_TASK INSTRUCTIONS:_ With the pictures left out, reproduce exactly the lines running from the line with "Iphone8和8plus将" to the last line of the material below.

_THE DATA:_
====

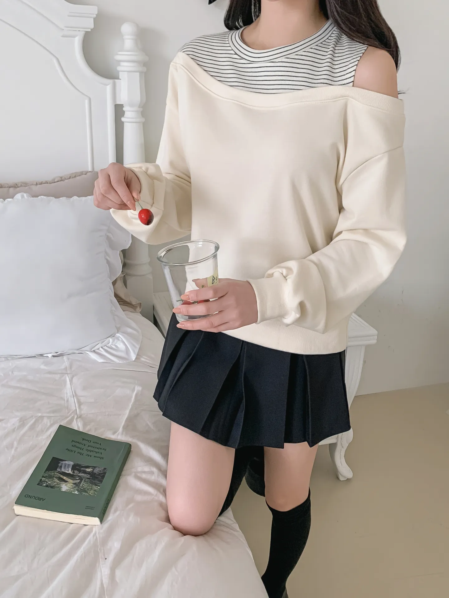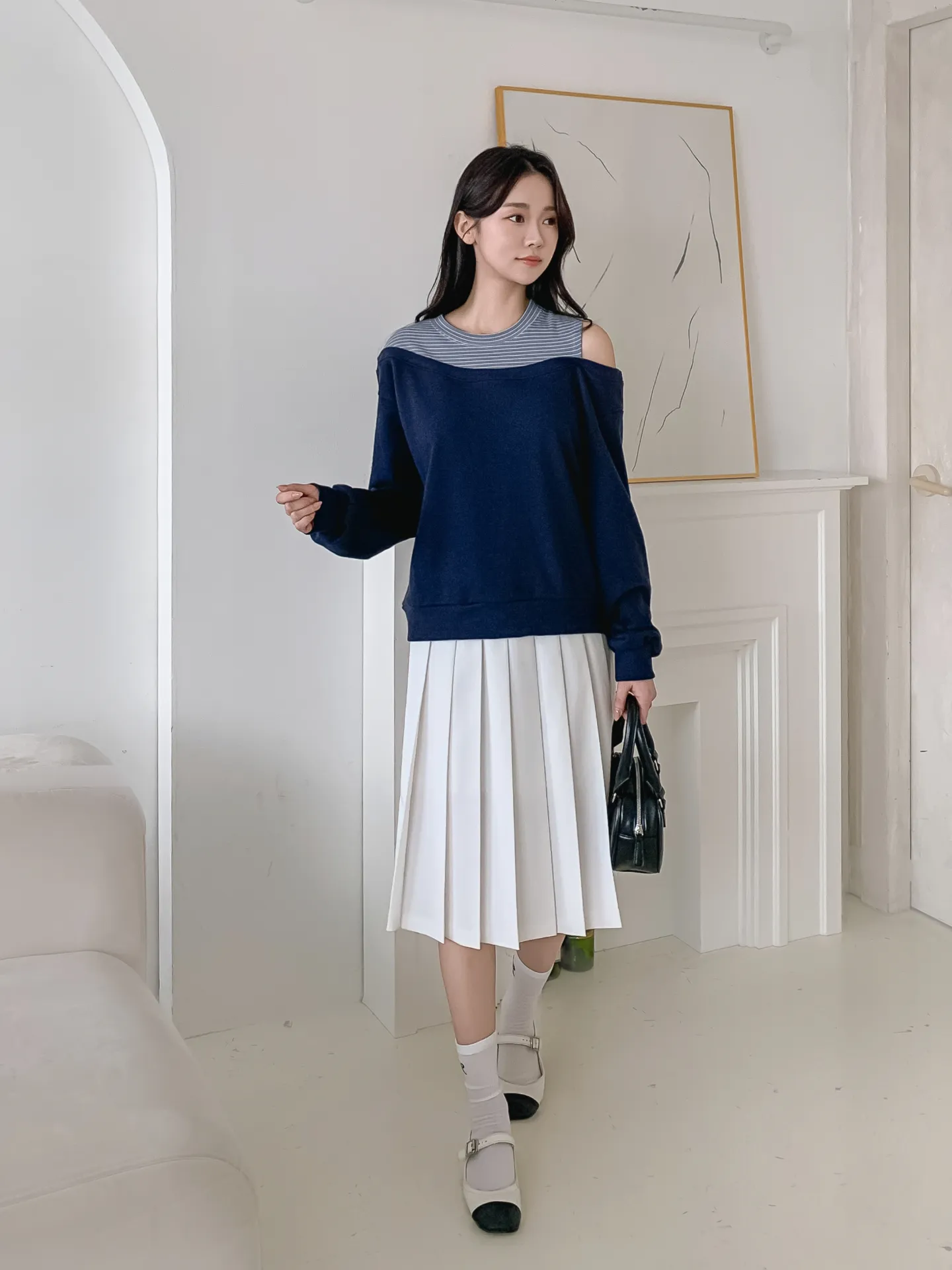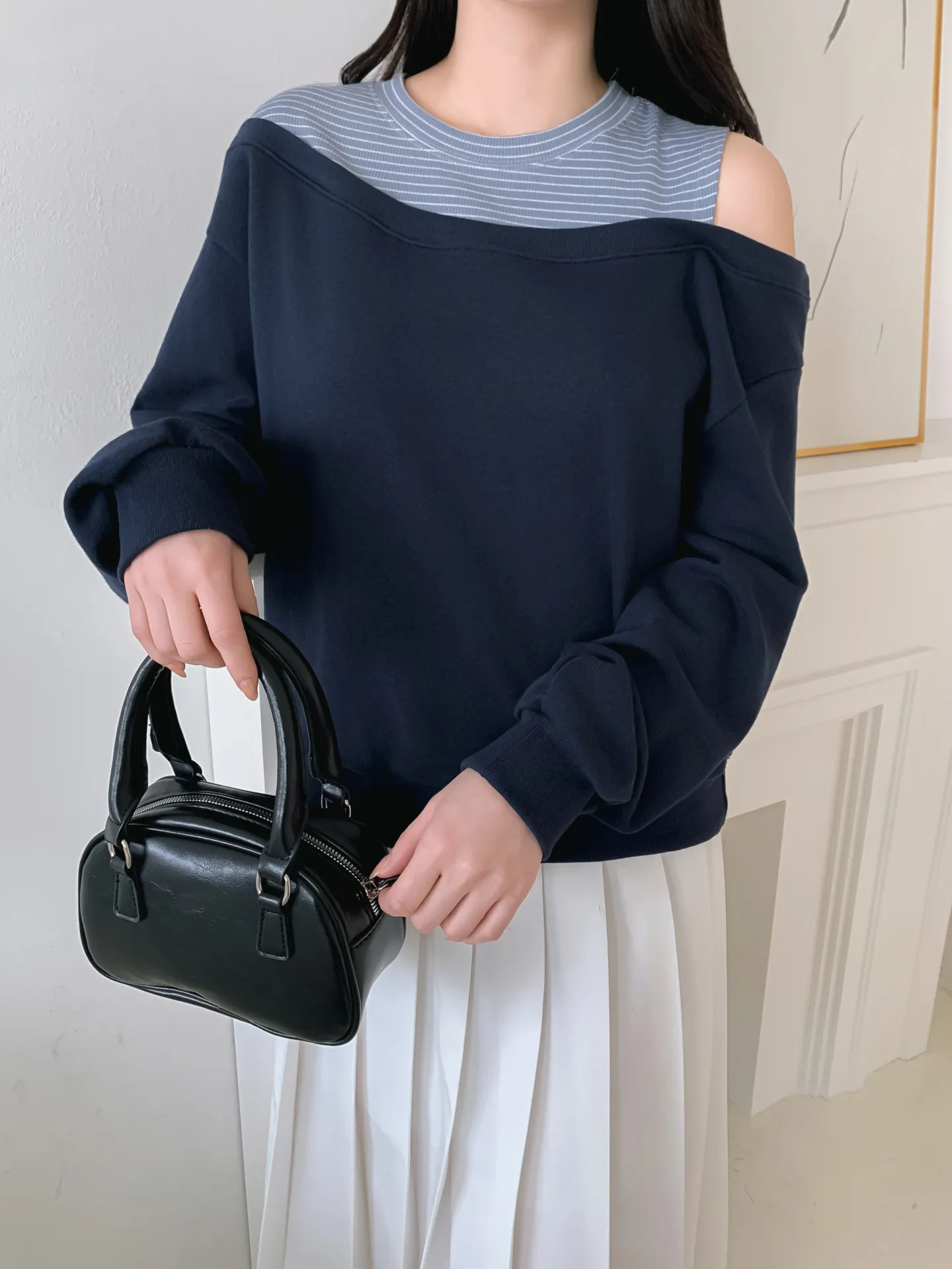 ワンショルダーレイヤード風ルーズ長袖ボーダースウェット・B1954174
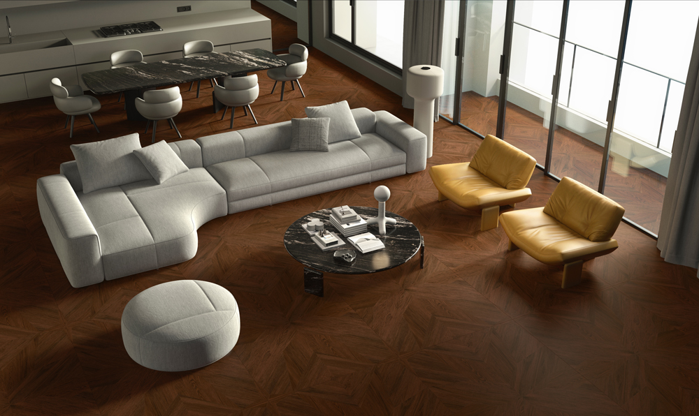 정통 이탈리아 디자인 DNA를 담은 Majestic Oak 시리즈는 자연스러운 나뭇결과 예술적 미학을 절묘하게 조화시켰습니다. 짙은 버건디와 스모키 브라운 톤이 세로 줄무늬와 기하학적인 인레이를 통해 어우러져 역동적이면서도 세련된 시각적 리듬감을 선사합니다.
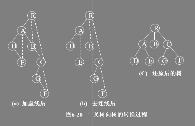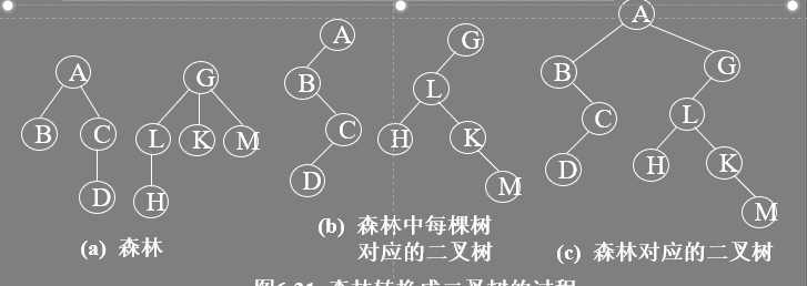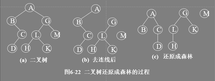 1.去连线。将二叉树B的根结点与其右子结点以及沿右子结点链方向的所有右子结点的连线全部去掉,得到若干棵孤立的二叉树,每一棵就是原来森林F中的树依次对应的二叉树。
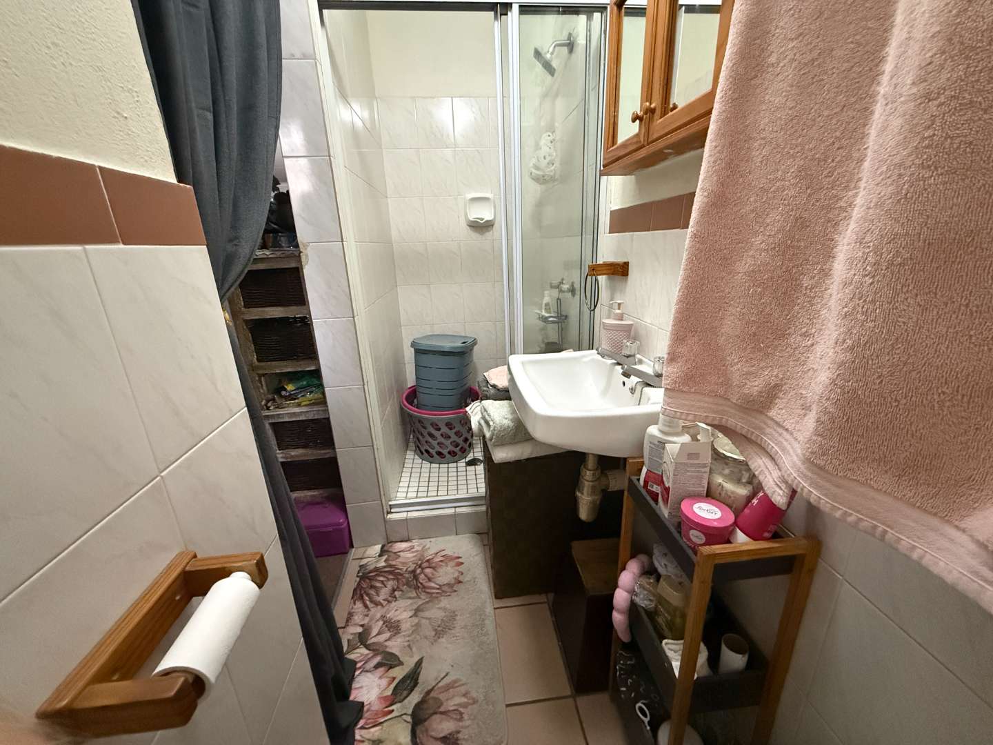 The layout effortlessly flows into a spacious bedroom, complete with built-in cupboards to accommodate all your storage needs. The bathroom is elegantly designed, featuring a shower, toilet, and basin, combining functionality with style for your daily routine.
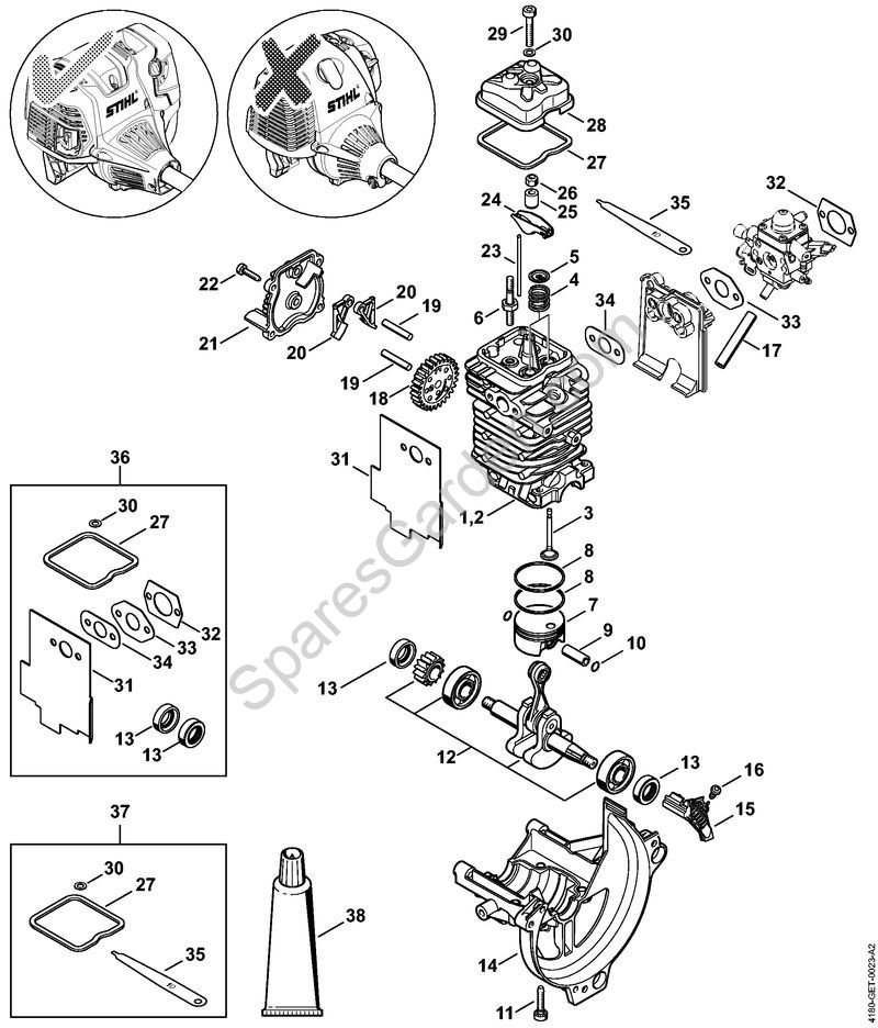 Original spare parts Engine diam. 43 mm Pole pruners (HT) HT 130 Stihl Included from nr. 2 to 34
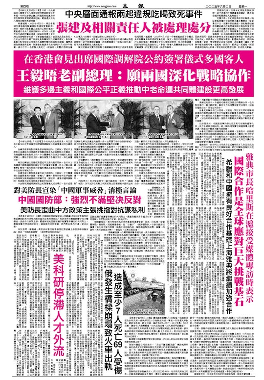 【中新社香港5月31日電】中共中央政治局委員、外交部長王毅30日在香港會見出席國際調解院公約簽署儀式的多國客人。
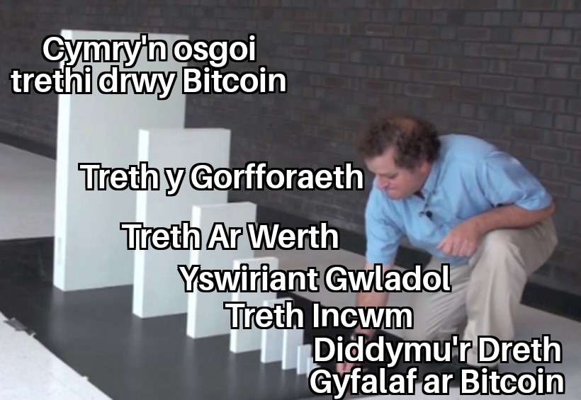 Mae’r uchod wrth gwrs ymhell yn y dyfodol am yn awr, yn bresennol mae gafael Senedd a Banciau Llundain efo dwy law rownd ein gwddw, yn chwyddo, trethu a rheolaethu’r Undeb fewn i ddymchweliad dinistriol, tra mae gwerth Bitcoin er yn chwyddo dros y blynyddoedd yn ansefydlog ar gyfer defnydd dydd i dydd, yn erbyn gwerth sefydlog dydd i ddydd y Bunt er ei ddibrisio parhaol dros y blynyddoedd. Mae’r duedd a’r broses o drawsnewid Cymru o fesur efo Punt Llundain i fesur mewn Bitcoin yn mynd i gymeryd y Ddegawd nesaf o leiaf, angladd a genedigaeth ar y tro.
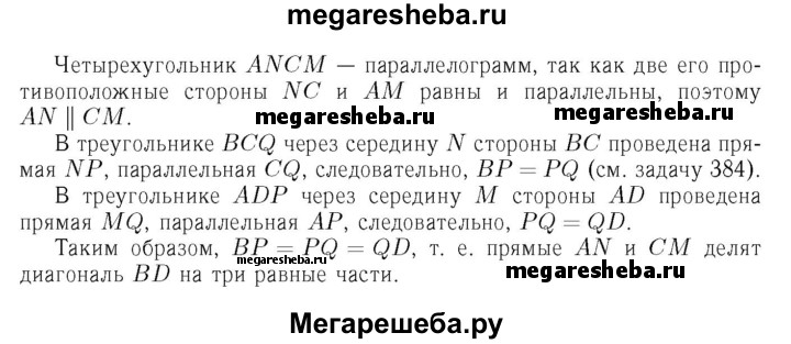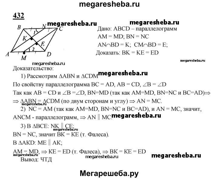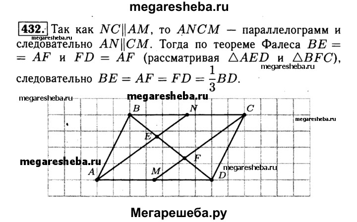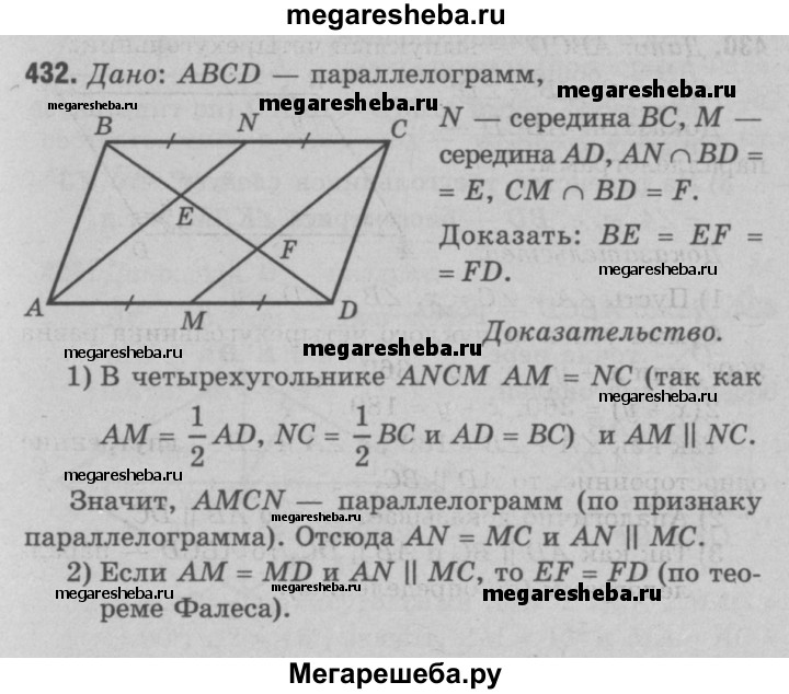 432 Точки М и N — середины сторон AD и ВС параллелограмма ABCD. Докажите, что прямые AN и МС делят диагональ BD на три равные части.
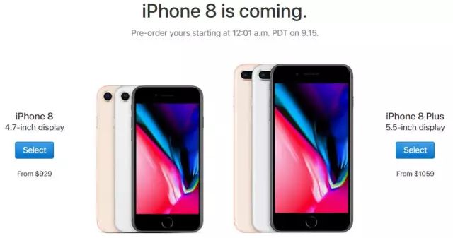 Iphone8和8plus将会在9月15日开放订购,9月23日发货。价格从929起,plus1029起;
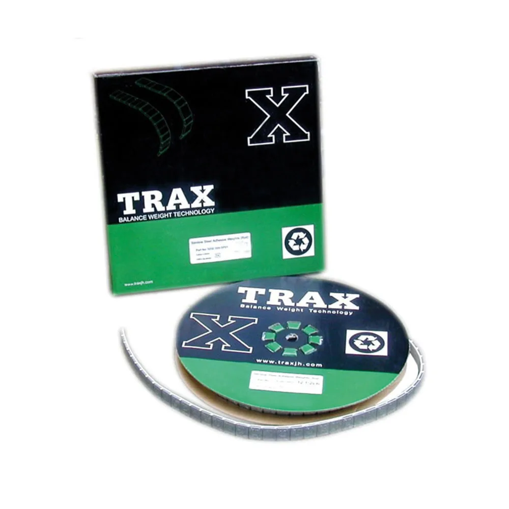 Trax Kleefgewicht type 605E, hoge kwaliteit stalen kleefgewicht op rol van 1000 x 5 gram voor personenwagen velgen.Met zijn zilveren kunststof coating...

====

_ANSWER FOR THE TASK:_
 Iphone8和8plus将会在9月15日开放订购,9月23日发货。价格从929起,plus1029起;
 Trax Kleefgewicht type 605E, hoge kwaliteit stalen kleefgewicht op rol van 1000 x 5 gram voor personenwagen velgen.Met zijn zilveren kunststof coating...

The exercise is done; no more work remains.